These are all commonly used symbols, so they get their own index to make querying their value faster and easier. Later in this post we’ll see how we can get the value of a symbol that is less common and isn’t on this list.

The first index on this list is, conveniently, DEBUG_DATA_KernBase. So we create a variable to get the base address of the nt module and call ReadDebuggerData:

ULONG64 kernBase;
dataSpaces->ReadDebuggerData(DEBUG_DATA_KernBase,
&kernBase,
sizeof(kernBase),
nullptr);

Next, we want to iterate over all the processes and print information about them. To do that we need the EPROCESS type. One annoying thing about the debugger API is that it doesn’t allow us to use types like we would if they were in a header file. We can’t declare a variable of type EPROCESS and access its fields. Instead we need to access memory through a type ID and the offsets inside the type. Foe example, if we want to access the ImageFileName field inside a process we will need to read the information that’s found in processAddr + imageFileNameOffset. But this is getting a bit ahead.

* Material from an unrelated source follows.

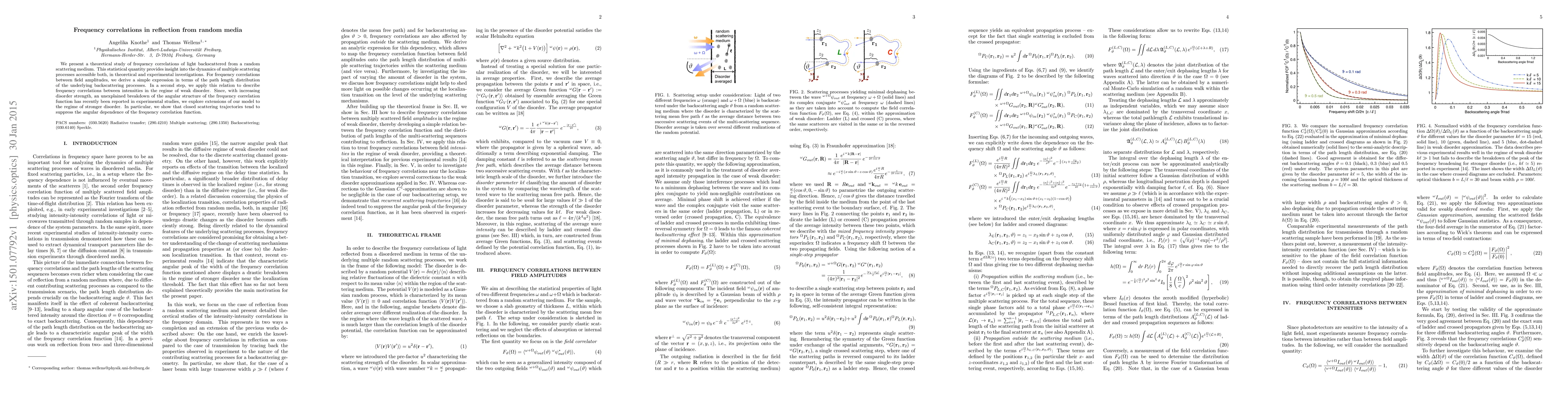 This paper theoretically investigates frequency correlations in light backscattered from random media, deriving expressions for these correlations in terms of path length distributions and exploring their behavior under weak and stronger disorder. It finds that closed scattering trajectories diminish the angular dependence of frequency correlation functions.

First we need to get the type ID of _EPROCESS using debugSymbols->GetTypeId, which receives the module base, type name and an output argument for the type ID. As the name suggests, this function doesn’t give us the type itself, only an identifier that we’ll use to get offsets inside the structure:

ULONG EPROCESS;
debugSymbols->GetTypeId(kernBase, “_EPROCESS”, &EPROCESS);

Now let’s get the offsets of the fields inside the EPROCESS so we can easily access them. Since we want to print the name and PID of each process we’ll need the ImageFileName and UniqueProcessId fields, in addition to ActiveProcessLinks so we iterate over the processes. To get those we’ll call debugSymbols->GetFieldOffset, which receives the module base, type ID, field name and an output argument that will receive the field offset:

ULONG imageFileNameOffset;
ULONG uniquePidOffset;
ULONG activeProcessLinksOffset;
debugSymbols->GetFieldOffset(kernBase,
EPROCESS,
“ImageFileName”,
&imageFileNameOffset);
debugSymbols->GetFieldOffset(kernBase,
EPROCESS,
“UniqueProcessId”,
&uniquePidOffset);
debugSymbols->GetFieldOffset(kernBase,
EPROCESS,
“ActiveProcessLinks”,
&activeProcessLinksOffset);

To start iterating the process list we need to read PsActiveProcessHead. You might have noticed earlier that this symbol has an index in DbgEng.h so it can be read directly using ReadDebuggerData. But for this example we won’t read it that way, and instead show how to read it like a symbol that doesn’t have an index. So first we need to get the symbol offset in the dump file, using debugSymbols->GetOffsetByName:

ULONG64 activeProcessHead;
debugSymbols->GetOffsetByName(“nt!PsActiveProcessHead”,
&activeProcessHead);

This doesn’t give us the actual value yet, only the offset of this symbol. To get the value we’ll need to read the memory that this address points to from the dump using dataSpaces->ReadVirtual, which receives an address to read from, Buffer, BufferSize and an optional output argument BytesRead. We know that this symbol points to a LIST_ENTRY structure so we can just define a local linked list and read the variable into it. In this case we got lucky — the LIST_ENTRY structure is documented. If this symbol contained a non-documented structure this process would require a couple more steps and be a bit more painful.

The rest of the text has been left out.